Dica de Filme

Madame Satã
2002
Direção: Karim Aïnouz


Os marginalizados. Esses, sempre ficam no imaginário popular, como uma espécie de entidade a pairar em nossa imaginação, às vezes, lembrando que podemos ir um pouco além. Madame Satã, negro, gay, pobre, malandro, nunca se curvou às exigências da sociedade. Como ele mesmo dizia, "tinha um bicho dentro dele, que não deixava que se endireitasse!" Viveu como quis, e pagou o preço. Ponto, e sem julgamentos. Sem julgamentos, também, é o que nos proporciona essa visceral cinebiografia, dirigida com vigor, e interpretada de forma monstruosa.

Pra começo de conversa, sem retoques. Tudo é seco e sujo, dos cenários aos diálogos. Nada é necessariamente bonito, mas, tudo é muito humano, muito próximo à nossa realidade. À realidade dos excluídos, dos demonizados, dos "inimigos" de sempre. O filme vai abordando de maneira contundente a trajetória nada convencional de João Francisco dos Santos (posteriormente, conhecido como Madame Satã). Lembremos que estamos falando da década de 30, aonde o preconceito a todas as categorias que Madame Satã se enquadrava era latente, com bastante perseguição das autoridades, inclusive.




E, todo esse contexto é muito bem tratado no roteiro, com os acontecimentos ocorrendo de maneira espontânea. Da prisão do protagonista, ao seus amores, passando pela sua eterna luta consigo, e chegando até p auge de sua carreira, com a consagração em diversas apresentações no carnaval, vamos acompanhando tudo muito "de perto". A câmera de Karim é muito certeira ao enquadrar ângulos muito próximos aos personagens, como se quase pudéssemos tocá-los. Um nível de intimismo que deixa o envolvimento de espectador ainda mais real (basta conferir a estonteante cena de apresentação do protagonista no bar de um amigo, em que nos sentimos naquele ambiente, literalmente).

No entanto, não esperem qualquer forma de empatia com Madame Satã. O personagem não é carismático, apesar de ter uma incrível vivacidade. Muitas vezes, ele é rude e até opressor com seus melhores amigos, mas, até isso se torna um tanto "compreensível" pelo modo como ele sempre foi tratado: um verdadeiro animal. Apesar de tanta brutalidade, há espaço para paixões, mesmo que de um jeito bruto, mas, com um certo amor; um amor autêntico. E, chegamos, é verdade, a termos muita piedade do personagem, e sua condição de marginalizado. Uma condição, não necessariamente, fruto do meio, mas, o ambiente sendo um fator importante para definir quem é Madame Satã.

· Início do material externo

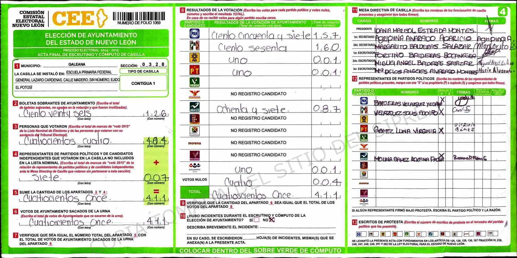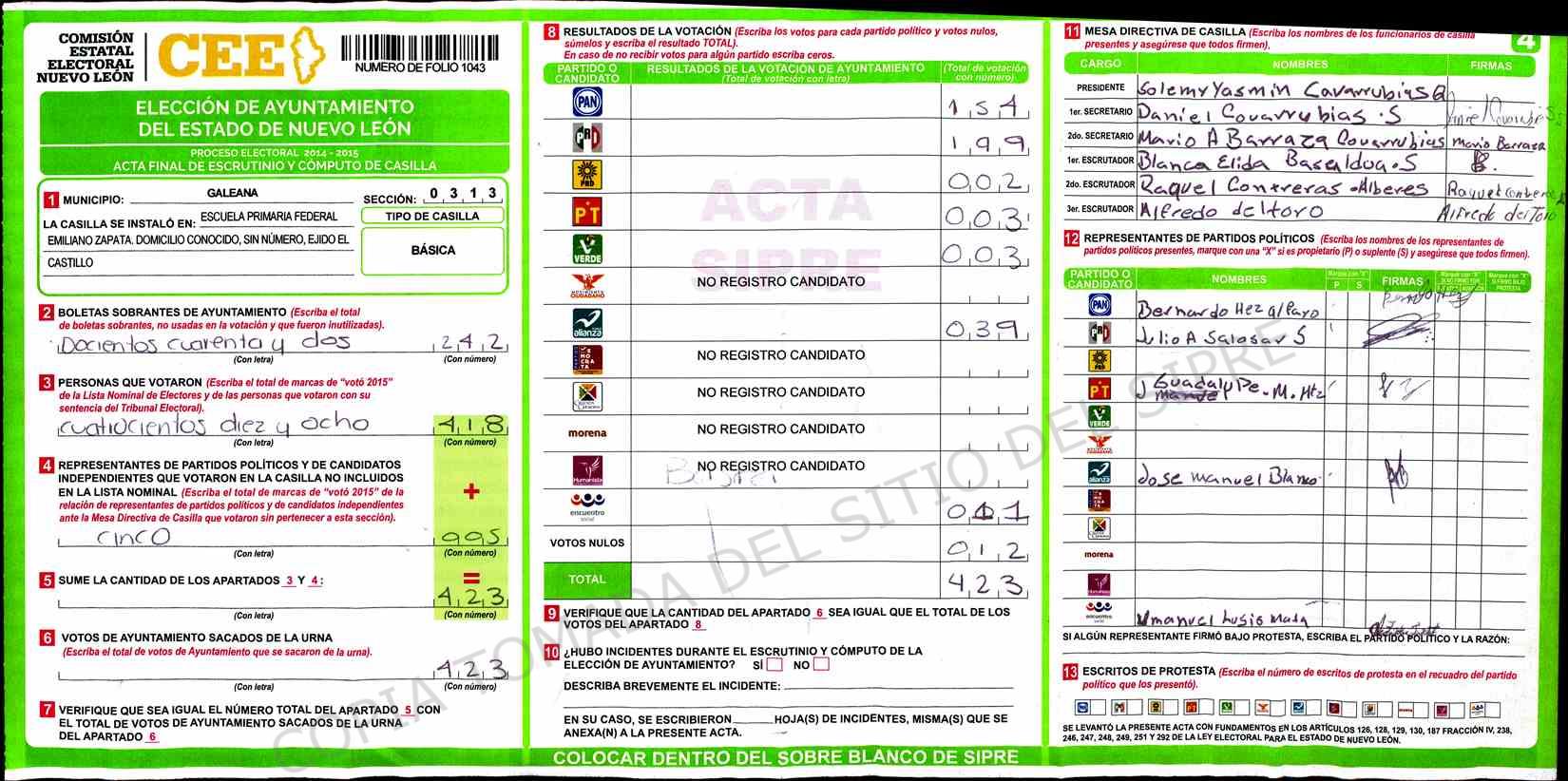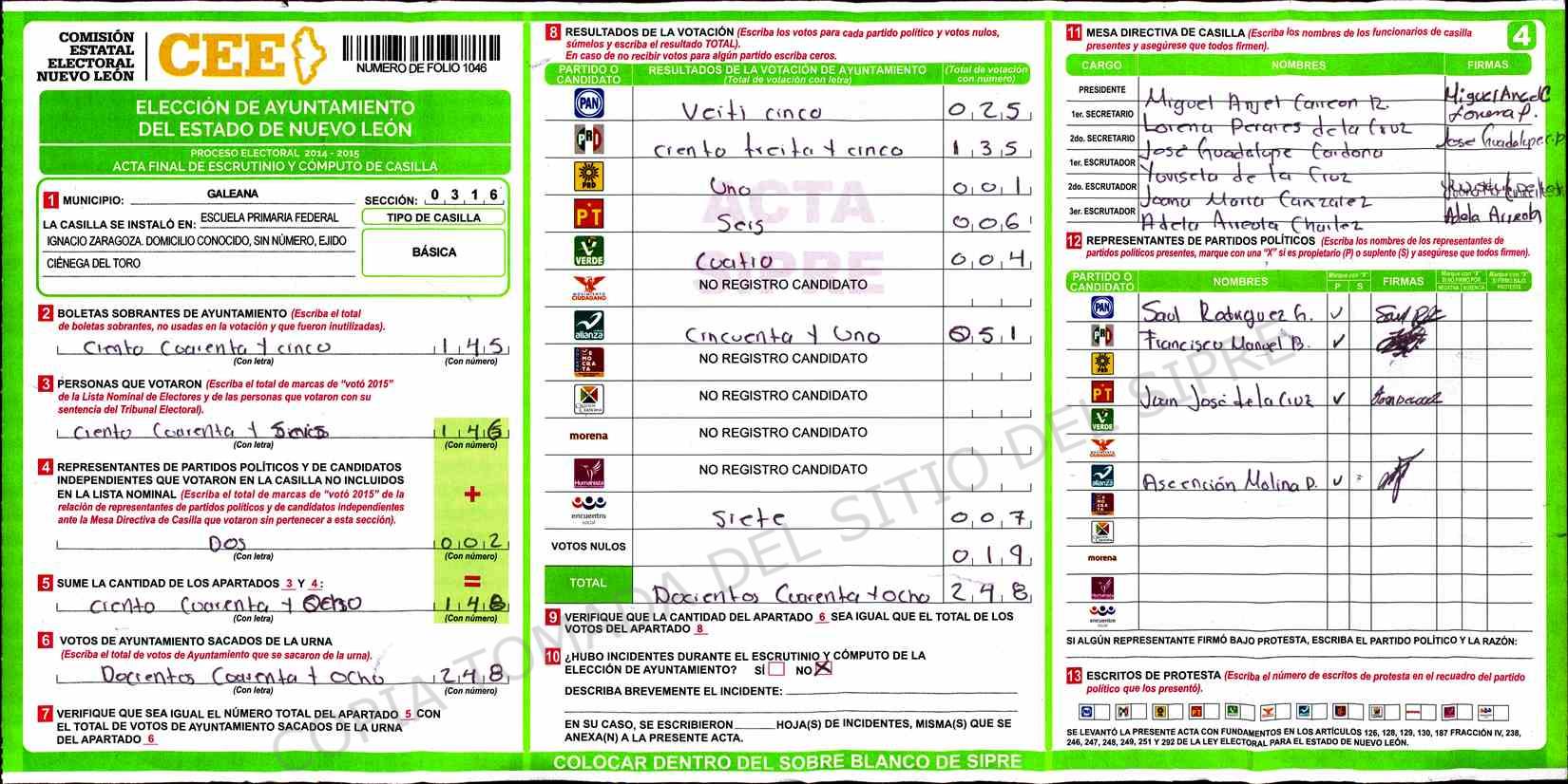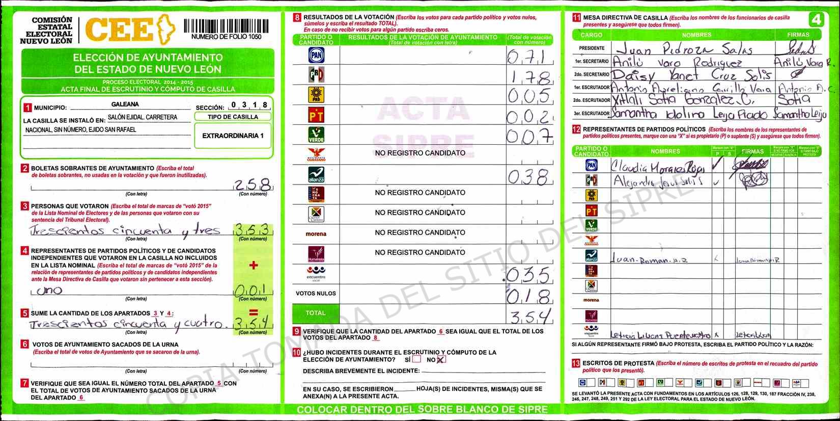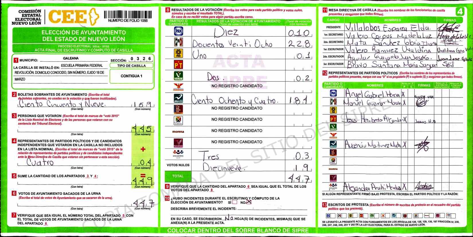 | Claves de Incidencia: | (1) Ilegible, (2) Mutilada, (3) Presenta Correcciones, (4) Presenta Borrones, (5) En Blanco, (6) Cifras Remarcadas, (7) Cifras de Mas, (8) Copiado Movido, (9) Con Signos Inválidos, (10) Excede Lista Nominal, (11) Otra |

Evitando qualquer forma de julgamento de valor, o roteiro desenvolve um protagonista cheio de defeito, mas também com qualidades muito perceptíveis. Ajuda muito a dupla de coadjuvantes Laurita e Tabu, amigos inseparáveis de Madame Satã, que mesmo mal-tratados muitas vezes pelo colega, não o abandonam, e até tentam ajudá-lo a se "endireitar". Mesmo assim, o ambiente (sempre ele) prova o quanto as pessoas podem ser escabrosas, e o personagem principal vai ter que lutar (e, muito) por sua dignidade.

O filme, em si, é correto em diversos aspectos. Não há cenas mal-construídas, situações constrangedoras ou algum outro maneirismo que possa atrapalhar a experiência de assistí-lo. Da (óbvia) trilha sonora ]repleta de sambas e marchinhas de carnaval, à crueza técnica, tudo é bem cuidado, sem desleixo. No campo das atuações, todos estão muito convincentes, mas, não há como negar que "Madame Satã" é de Lázaro Ramos. Sua interpretação é de magistral entrega ao personagem, dos trejeitos, à forma de falar, até pequenos detalhes, como um olhar, por exemplo. Melhor trabalho de Lázaro no cinema, sem dúvida.




Como cinema, "Madame Satã" é um filme que "transpira" (não há outra definição m,ais precisa). Ele é um ente vivo, que como seu protagonista, pulsa, ama, odeia, bate, vive. Sentí-lo e não apenas assistí-lo seria o ideal. Pra quem ainda possui qualquer insensato preconceito em relação ao cinema brasileiro, "Madame Satã" prova (entre tantos outros) que o cinema nacional é de qualidade, mas, sem precisar de muita coisa. Basta um bom roteiro, uma boa direção e boas atuações, além de muito "entrega" de todos. O resto é "cineminha" pra gringo ver.